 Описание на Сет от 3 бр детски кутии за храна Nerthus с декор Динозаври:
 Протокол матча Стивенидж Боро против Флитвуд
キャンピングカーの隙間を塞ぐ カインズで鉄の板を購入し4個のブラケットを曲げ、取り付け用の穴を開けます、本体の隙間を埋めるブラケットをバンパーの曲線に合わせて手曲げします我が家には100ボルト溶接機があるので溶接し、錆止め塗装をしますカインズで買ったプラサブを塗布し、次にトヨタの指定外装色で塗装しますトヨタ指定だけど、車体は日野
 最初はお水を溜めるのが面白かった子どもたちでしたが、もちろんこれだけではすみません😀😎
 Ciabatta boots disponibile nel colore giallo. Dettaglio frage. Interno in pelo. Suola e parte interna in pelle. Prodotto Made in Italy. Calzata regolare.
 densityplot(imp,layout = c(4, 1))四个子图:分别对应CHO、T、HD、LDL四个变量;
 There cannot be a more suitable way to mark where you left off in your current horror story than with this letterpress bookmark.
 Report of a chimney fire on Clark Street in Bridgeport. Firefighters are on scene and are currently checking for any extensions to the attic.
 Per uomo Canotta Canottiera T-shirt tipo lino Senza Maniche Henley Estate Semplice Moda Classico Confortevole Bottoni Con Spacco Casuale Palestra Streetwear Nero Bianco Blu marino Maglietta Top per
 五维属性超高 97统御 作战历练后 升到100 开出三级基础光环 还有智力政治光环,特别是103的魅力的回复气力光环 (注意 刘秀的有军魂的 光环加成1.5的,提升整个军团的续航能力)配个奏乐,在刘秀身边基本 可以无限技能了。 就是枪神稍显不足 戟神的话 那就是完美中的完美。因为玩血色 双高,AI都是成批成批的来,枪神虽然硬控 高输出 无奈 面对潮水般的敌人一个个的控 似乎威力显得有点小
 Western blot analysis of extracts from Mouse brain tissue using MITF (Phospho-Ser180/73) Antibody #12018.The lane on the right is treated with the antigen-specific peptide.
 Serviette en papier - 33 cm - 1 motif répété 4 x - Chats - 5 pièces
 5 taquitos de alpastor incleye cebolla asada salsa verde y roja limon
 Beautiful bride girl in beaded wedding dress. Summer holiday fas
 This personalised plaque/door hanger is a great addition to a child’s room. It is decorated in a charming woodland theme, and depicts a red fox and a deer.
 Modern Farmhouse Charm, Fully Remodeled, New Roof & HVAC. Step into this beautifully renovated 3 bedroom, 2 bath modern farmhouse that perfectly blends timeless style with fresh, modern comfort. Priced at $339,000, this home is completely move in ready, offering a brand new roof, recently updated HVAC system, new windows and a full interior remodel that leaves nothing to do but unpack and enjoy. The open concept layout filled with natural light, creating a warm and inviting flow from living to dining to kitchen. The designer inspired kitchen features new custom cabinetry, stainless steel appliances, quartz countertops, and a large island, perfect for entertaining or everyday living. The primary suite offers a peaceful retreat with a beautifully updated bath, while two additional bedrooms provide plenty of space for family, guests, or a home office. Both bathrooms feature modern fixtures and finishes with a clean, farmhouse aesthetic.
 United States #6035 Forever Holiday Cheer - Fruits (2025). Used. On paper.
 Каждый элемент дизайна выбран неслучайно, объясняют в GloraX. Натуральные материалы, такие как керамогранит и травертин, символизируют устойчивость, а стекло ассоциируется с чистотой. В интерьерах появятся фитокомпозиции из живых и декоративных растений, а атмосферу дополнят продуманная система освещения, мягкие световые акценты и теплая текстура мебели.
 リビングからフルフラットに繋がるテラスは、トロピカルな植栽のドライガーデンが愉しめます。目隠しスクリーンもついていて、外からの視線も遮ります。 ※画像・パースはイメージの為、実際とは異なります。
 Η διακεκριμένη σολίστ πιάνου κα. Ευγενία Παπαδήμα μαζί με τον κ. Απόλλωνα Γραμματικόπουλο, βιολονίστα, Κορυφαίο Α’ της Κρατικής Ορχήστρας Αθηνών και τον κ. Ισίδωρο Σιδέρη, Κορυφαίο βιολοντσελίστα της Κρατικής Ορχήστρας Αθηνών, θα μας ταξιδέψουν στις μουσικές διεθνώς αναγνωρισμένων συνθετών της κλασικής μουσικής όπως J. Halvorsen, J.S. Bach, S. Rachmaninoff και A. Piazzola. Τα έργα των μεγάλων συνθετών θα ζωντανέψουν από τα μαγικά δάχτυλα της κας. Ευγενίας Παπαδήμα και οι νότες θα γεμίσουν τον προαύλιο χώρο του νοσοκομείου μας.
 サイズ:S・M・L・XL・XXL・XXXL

Instructions for the task. In restating the data, begin at its first line, reproduce each line word for word, and conclude with the line that contains "There cannot be".

Output for this exercise.
 Описание на Сет от 3 бр детски кутии за храна Nerthus с декор Динозаври:
 Протокол матча Стивенидж Боро против Флитвуд
キャンピングカーの隙間を塞ぐ カインズで鉄の板を購入し4個のブラケットを曲げ、取り付け用の穴を開けます、本体の隙間を埋めるブラケットをバンパーの曲線に合わせて手曲げします我が家には100ボルト溶接機があるので溶接し、錆止め塗装をしますカインズで買ったプラサブを塗布し、次にトヨタの指定外装色で塗装しますトヨタ指定だけど、車体は日野
 最初はお水を溜めるのが面白かった子どもたちでしたが、もちろんこれだけではすみません😀😎
 Ciabatta boots disponibile nel colore giallo. Dettaglio frage. Interno in pelo. Suola e parte interna in pelle. Prodotto Made in Italy. Calzata regolare.
 densityplot(imp,layout = c(4, 1))四个子图:分别对应CHO、T、HD、LDL四个变量;
 There cannot be a more suitable way to mark where you left off in your current horror story than with this letterpress bookmark.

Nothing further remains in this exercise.